Could be worth dry running it on paper to make sure it does what is expected. Probably permutation invariance is not the best word to describe the condition the reduction has to follow. More like it should be hierarchically invariant. That is the reduction can happen hierarchically without affecting the end results.

The @parallel exists in order to solve a concrete problem. You example sum(log()) does not fit what @parallel for does.

The @parallel macro rewrites your for loop as a call to the function Base.Distributed.preduce. Then this function essentially

  • generates chunks (as many workers you have)
  • applies whatever you have inside the loop at each element of each chunk. Let us assume inside the for loop you have some_func(i).
    • This is done at the same time, so some_func(chunk1[1]), some_func(chunk2[1]) ,… are computed independently by independent workers.
  • Then the partial results of all chunks are joined. This is done by a reduce operation.

Since log is not a reduce operation it is not meant to be used in this scenario. This is suitable for operations that given a pair return a single value such as *(a,b) = a*b, +(a,b) = a+b. But… what is log(a,b) ?
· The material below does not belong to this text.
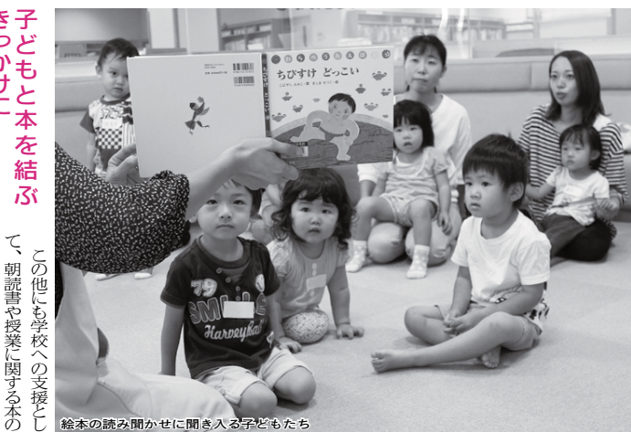
絵本の読み聞かせに聞き入る子どもたち

If you look at the source code of the preduce function you will understand why log is not suitable:

function preduce(reducer, f, R)
    N = length(R)
    chunks = splitrange(N, nworkers())
    all_w = workers()[1:length(chunks)]

    w_exec = Task[]
    for (idx,pid) in enumerate(all_w)
        t = Task(()->remotecall_fetch(f, pid, reducer, R, first(chunks[idx]), last(chunks[idx])))
        schedule(t)
        push!(w_exec, t)
    end
    reduce(reducer, [wait(t) for t in w_exec]) # what is log of an array?
end

You have to do what you said (write the log inside the function) to use this macro.

Another example:

@everywhere some_complicated_function_per_iteration(x) = (log(x+1)+(x+2))/x
@parallel (+) for i in 1:100000; some_complicated_function_per_iteration(i) end 
1 Like

David,
…replace sum(log()) with sum(log.()) and it makes sense -st least on s tuple or array.
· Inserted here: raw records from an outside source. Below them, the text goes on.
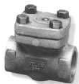
TAMPA APARAFUSADA PORTINHOLA, PISTÃO, ESFERA Classes de pressão ASME 150 - 1500, 1/4 - 24" (8-600 mm)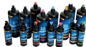
Pastas de Polimento Polarshine

A Mirka oferece uma ampla gama de boinas de lã e espuma, além das pastas de polimento Polarshine® com base de água e gradação de grossas a finas. Tanto no corte como no acabamento, conseguirás um resultado limpo e de alto brilho em pintura, verniz ou gelcoat.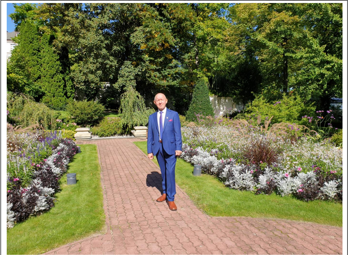
Zdjęcie (zbiór własny) nr 4 i nr 5 - Widok „Ogrody Zewnętrzne” na terenie Pałacu Prezydenta RP.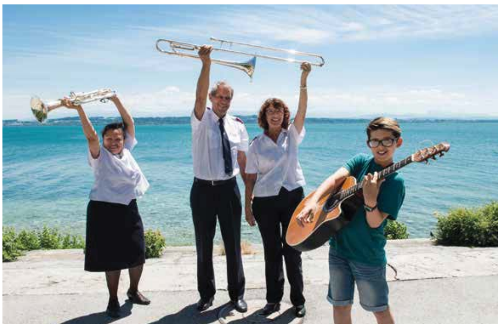
Comme William, de l'école de musique BBM, de nombreux musiciens monteront sur scène ce week-end.

Directeur de la Culture et de l'intégration, des Sports et du Tourisme

It might seem that it makes sense but actually, as fas as I understand the code, what is computed in parallel is what is inside the for loop, not the +. Therefore, if you want to compute the log elementwise you are better of putting the log inside the function.

In my example what it takes more time is some_complicated_function_per_iteration and this is what gets parallelized.
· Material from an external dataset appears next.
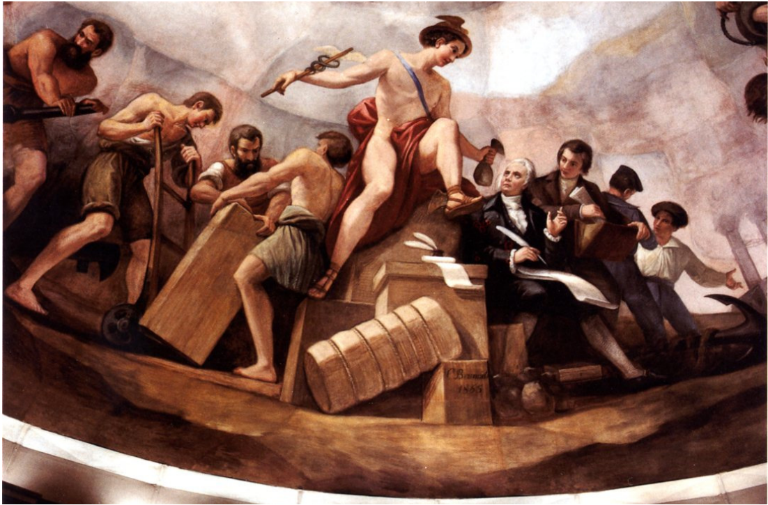
Abb. 9: „Commerce“

@everywhere some_complicated_function_per_iteration(x) = (log(x+1)+(x+2))/x
@parallel (+) for i in 1:100000; some_complicated_function_per_iteration(i) end 

I think I understand what you mean, but I think that, if you want to use this macro, you have to adapt your code and do the log (or whatever else you want to do at each iteration) inside a function. Then call this function inside the loop.

Maybe if you put an example that is challenging you we can give you a hint. And maybe @parallel is not the best solution and you could use Threads.